Friday, 21 August 2009

Day 28 - Vega de Valcarce to Alto do Poio - 22km

From Vega de Valcarce to O'Cebreiro it is uphill all the way, climbing 700m in 12km. There is a choice of road or track, the former being recommended in wet misty weather and the one I chose because it was precisely that. I set off at about 8 after coffee and biscuits and although the road was steep I made good going. I think by now my legs were pretty fit and going uphill however steeply at a steady pace was no longer so difficult. The road climbed through dripping woods and I caught occasional glimpses of beautiful scenery whenever the mist lifted. It was quite frustrating not to be able to see the view properly. At the back of my mind was a newspaper report I had read some months previously about a full-grown bear that was hit and killed around here by a car. The tune to ''Teddybear's Picnic'' kept running through my mind and I hoped there weren't any about.

The rain continued and because of my exertions I was perspiring so much that my poncho was wet inside and and out, a rather uncomfortable sensation. I stopped in Herrerías for a second coffee break and when I left to continue on the road an old lady stuck her head out of a window and was most insistent that I was going the wrong way and kept pointing up the track. She was getting so upset that I weakly gave in and followed her pointing finger. Underfoot it was now muddy, rocky and very hard going so I was thankful to stop again at another village for a tonic water, unable to face yet another coffee. This place was rather unfriendly as I got shouted at for thoughtlessly coming in still wearing my poncho and was chased by a mop-wielding woman.
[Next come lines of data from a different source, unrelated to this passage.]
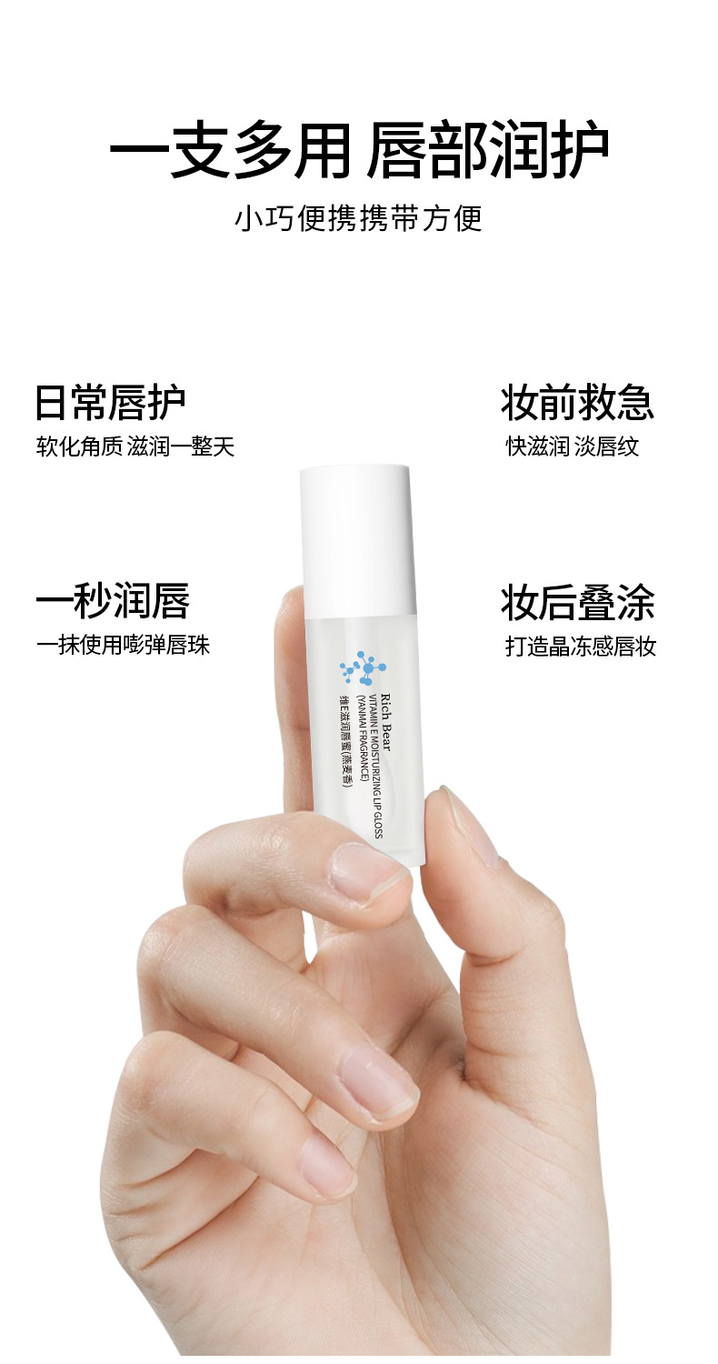 Rich Bear увлажняющий и ухаживающий блеск для губ, эссенция питает губы, деликатно увлажняет и восстанавливает линии губ на 12 часов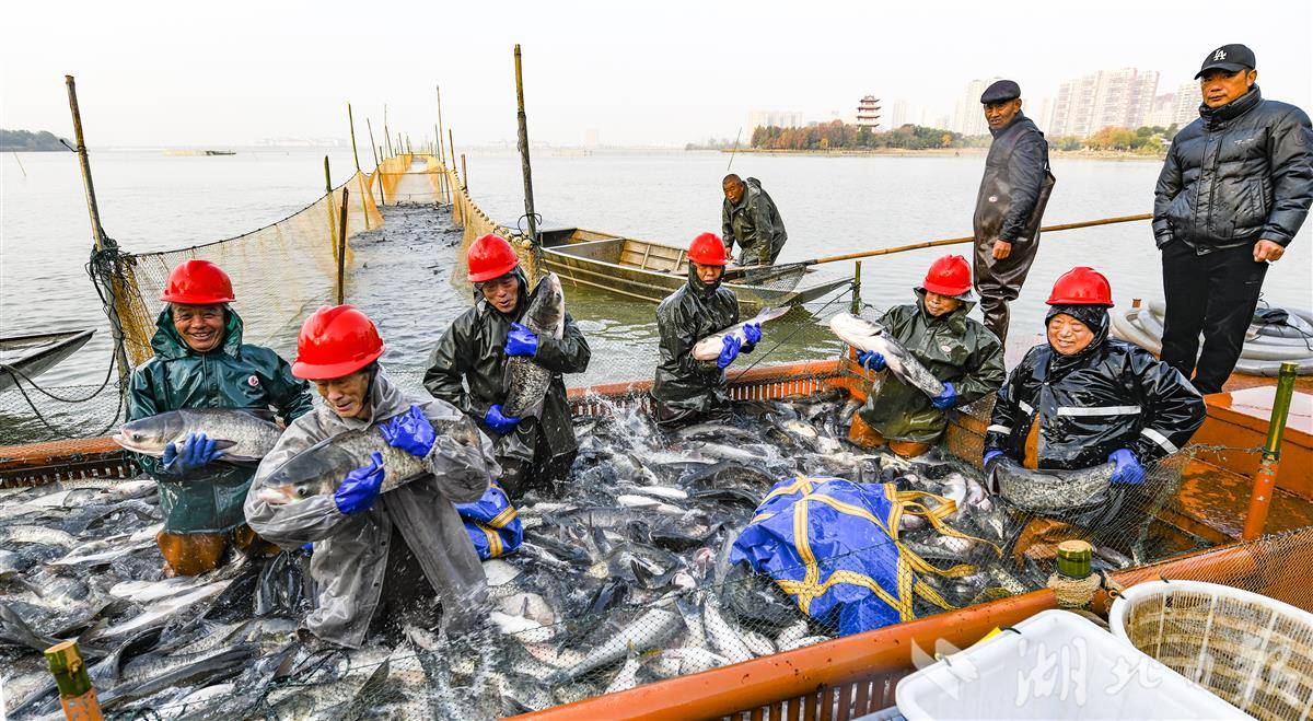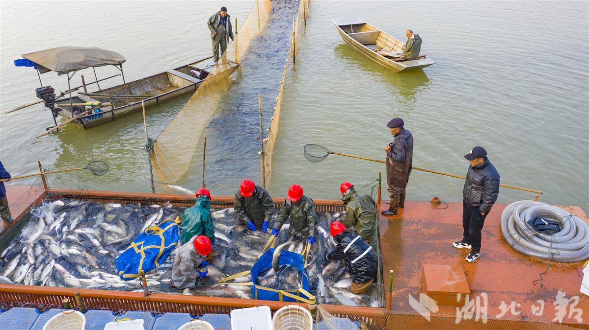12月2日,咸宁市嘉鱼县三湖连江梅懈湖,嘉鱼县南江水产有限责任公司正在进行赶网捕捞,工作人员熟练的起鱼、过磅、装车。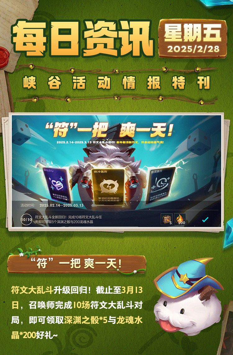 ☆ 符文大乱斗 每日一套路 ☆ 暴击溅射流 今日推荐 符文套路千千万, 跟着隆哥天天换~ 全新符文大乱斗“魔力汇流”版本来袭! 6大流派、40+全新符文组团出道~ 流派随心选,套路随性玩, 符文乐趣劲爽不停,峡谷战场由你主宰! 为了让每位召唤师都体验到不同符文的快乐,隆哥会每天为大家带来“符文大乱斗套路推荐”,同时也欢迎大家在评论区,分享交流爱用/好用的符文玩法呀~ 暴击溅射流 觉得对面前排像一堵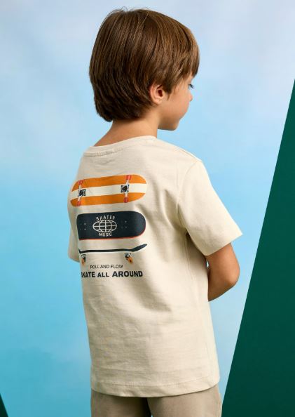 Maglietta manica corta per bambino. Elementi decorativi: disegno nella parte anteriore e posteriore del capo. Scegliendo i nostri prodotti in cotone, supporti il nostro impegno nell'iniziativa Better Cotton. Il cotone Better Cotton è ottenuto attraverso un sistema di bilancio di massa e non può essere fisicamente ricondotto ai prodotti finali. tuttavia, i produttori di cotone beneficiano della domanda di Better Cotton in volumi equivalenti.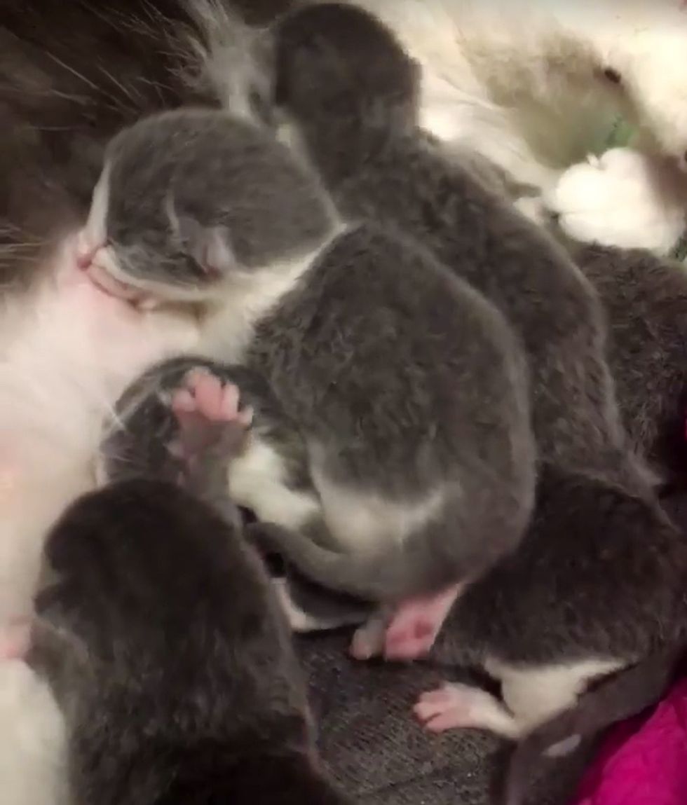 The momma cat gave birth to a litter of five kittens who looked like her tiny mini-mes.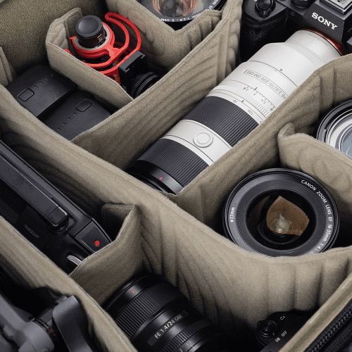 Además, el Camera Insert M viene con la mochila, proporcionando divisores ajustables para una protección segura de su equipo. Este inserto se puede utilizar como una bolsa de hombro independiente, ideal para mantener el equipo seguro en superficies mojadas o condiciones adversas.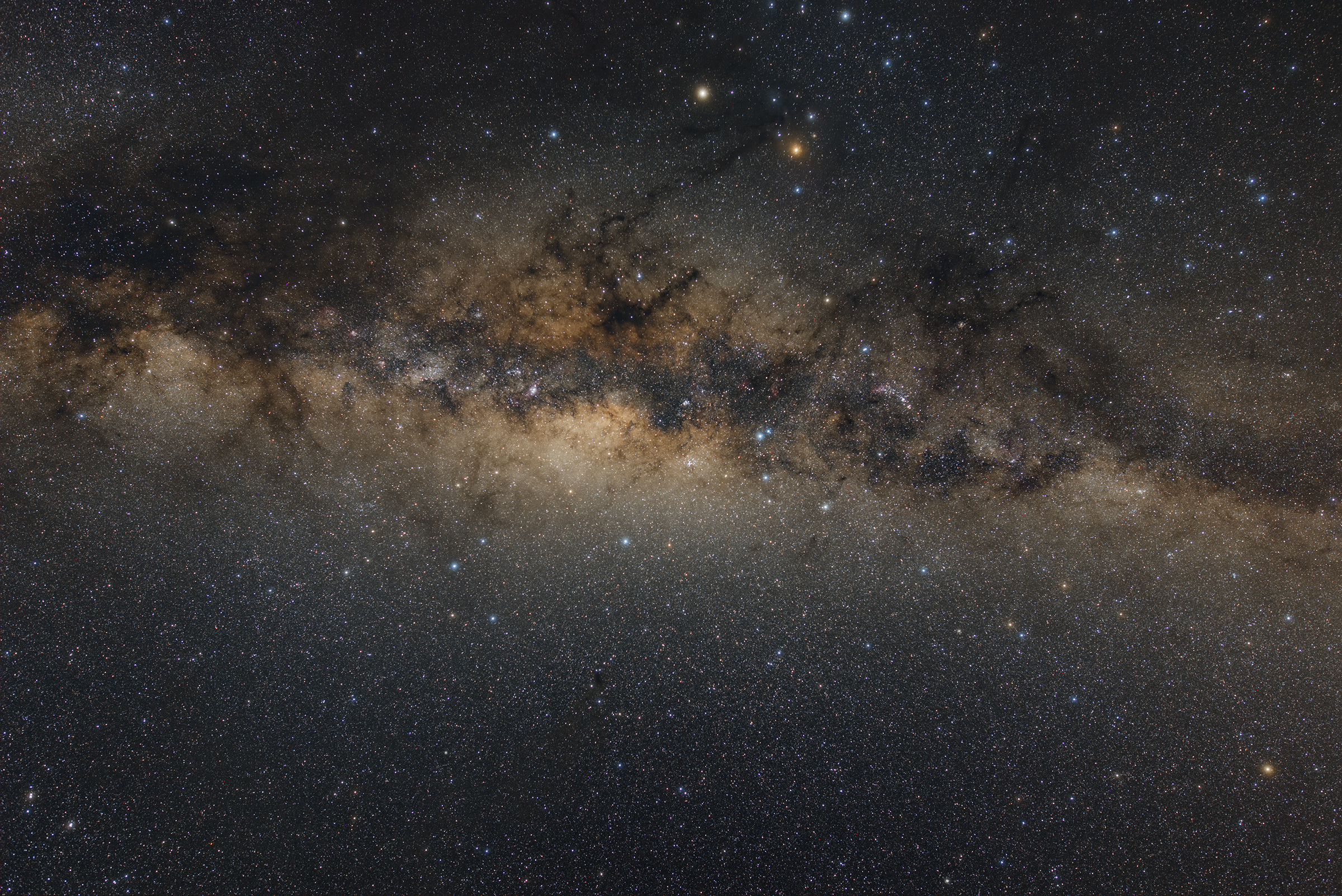Dieses Bild wurde bei leichter Zirrusbewölkung aufgenommen, die wie ein Weichzeichnungsfilter auf die Sterne wirkt. So kommen die Sterne der Scorpius-Centaurus-Assoziation im rechten, oberen Teil des Bilds gut zur Geltung.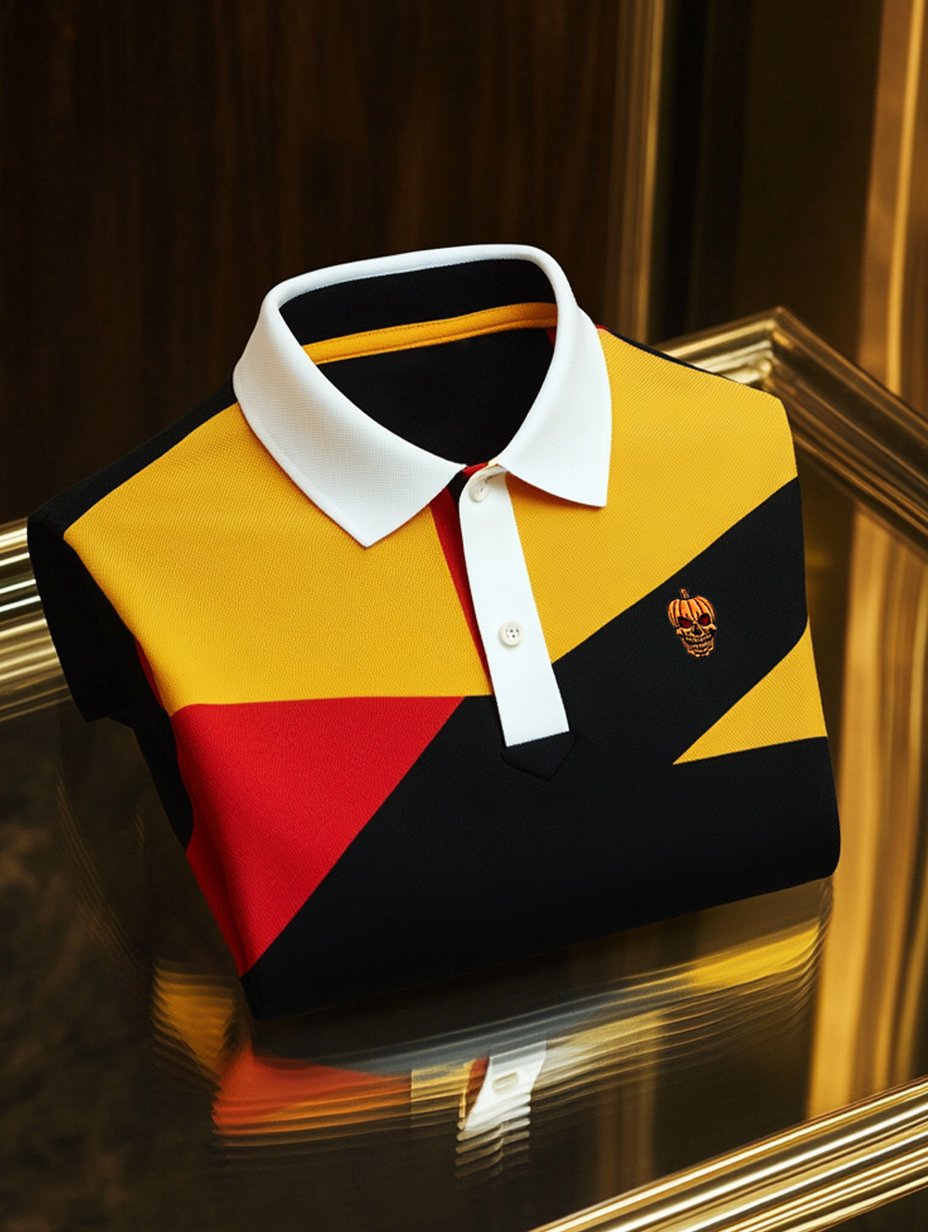 Men's Business Casual Halloween Art Button Short Sleeve Polo Shirt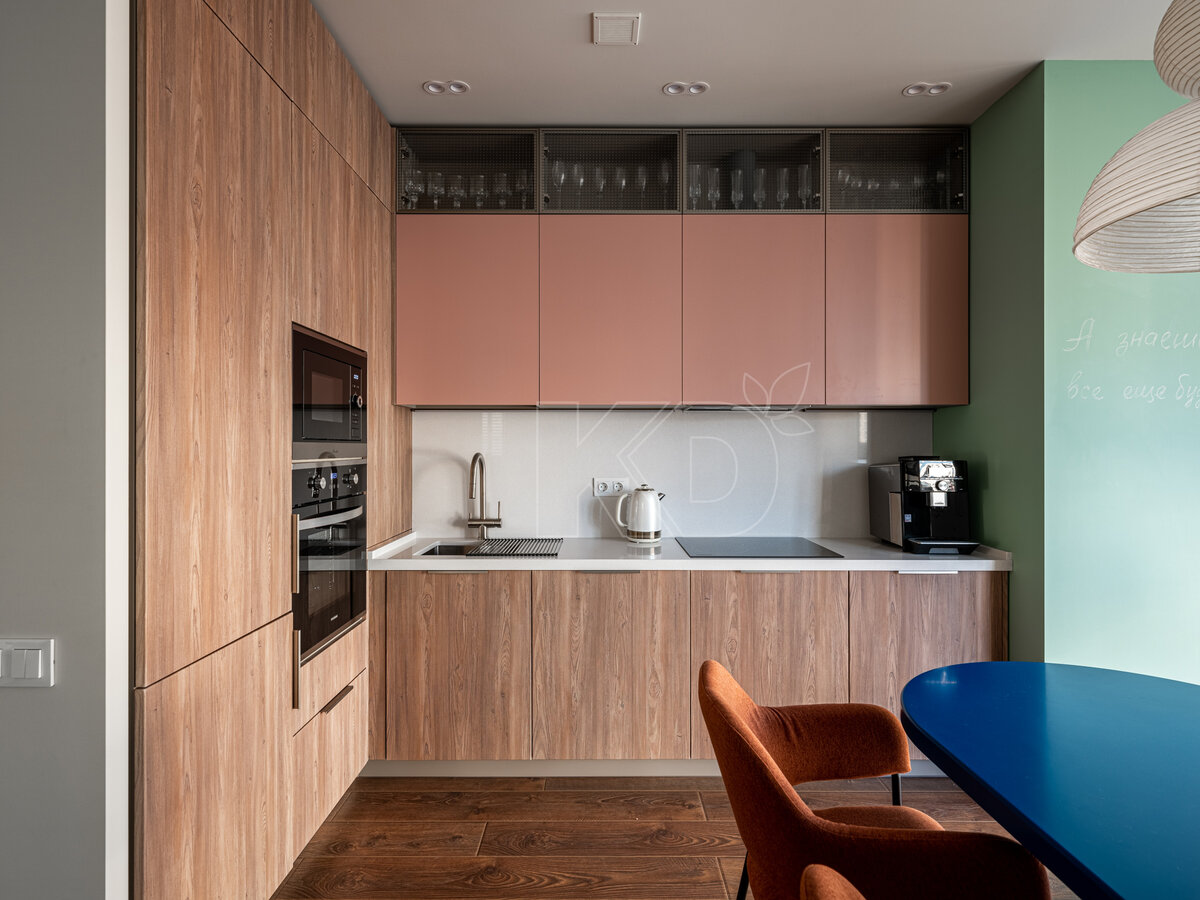Кухня с комбинированными фасадами: розовые и «под дерево»

Galicia is known for its rain so they should have been used to wet pilgrims in that bar, a place to hang wet waterproofs outside would have been useful.

Further on I reached the boundary marker showing that I was entering Galicia. I was hungry by now but the track wound round the mountainside through fields with dripping hedges and there was nowhere to sit, so I stood and ate a sandwich in the rain by the side of the path. A group of elderly tourists were shepherded past me at this point by their two guides. One of the guides told me they were on a day trip and that the clients were dropped off from their coach at different distances along the way according to their walking abilities. A nice idea but a bit amusing to someone who had just walked over 600km...

I reached the top, at the village of O'Cebreiro, shortly after. It looked a small, picturesque spot with little stone cottages, restaurants and shops, rather like the Lake District . Also, like the Lake District in high season, it was heaving with day trippers and school parties wandering around in the perpetual drizzle. I sheltered on a stone wall by the church and ate some cherries (I do like them!) then decided to leave without looking around. I was feeling cold and damp by then as well as tired after the long hard climb and it was another 5.5km to the albergue I was aiming for.

The problem was finding my way out of the village. According to my map the route now followed a road, and there were yellow arrows pointing in this direction. At the same time there were also yellow arrows pointing up a track. The whole situation was not helped by the thick mist which now descended, accompanied by wind and continuing drizzle. A couple set off up the track and a lone pilgrim set off down the road, his waterproof snapping smartly in the wind. I decided to go for the road, which was actually more of a highway, but thankfully with very little traffic. The pilgrim ahead of me disappeared very quickly in the mist and after a couple of kilometres downhill I was having serious doubts about whether I was on the right road. I debated going back to O'Cebreiro but couldn't face the long steep hill back up. The mist was still thick despite the wind and visibility was poor, so I hadn't a clue where I was but I decided to keep going.

Thankfully after another kilometre or so I reached Liñares and realised I was on the right road after all, which was an enormous relief. The road climbed after this and I passed a well known and much photographed pilgrim monument which I couldn't see properly because of the mist, so I didn't pause but just carried on, by now on a very muddy track through some woods. When I finally reached Hospital de la Condessa it was a real blow to be told the albergue was closed due to building works. The next one was over 3km away, up a steep hill. I ignored signs showing an off-road track and kept plodding along up the never-ending slope until I finally reached Alto do Poio Pousada. It wasn't an albergue but as well as rooms there was a dorm with some bunk beds in the attic. The arrangements were rather makeshift and there was only one grubby shower/toilet for all but at this point in the proceedings I would have taken anything. They charged 18 euros but this did include an evening meal. My trainers were wet and muddy, my clothes were damp, my rucksack was damp, even my map was damp. I took my trainers off and crawled into my bunk damp clothes and all, pulled up a heavy blanket and was dead to the world for a couple of hours. Dinner was very good, by the way.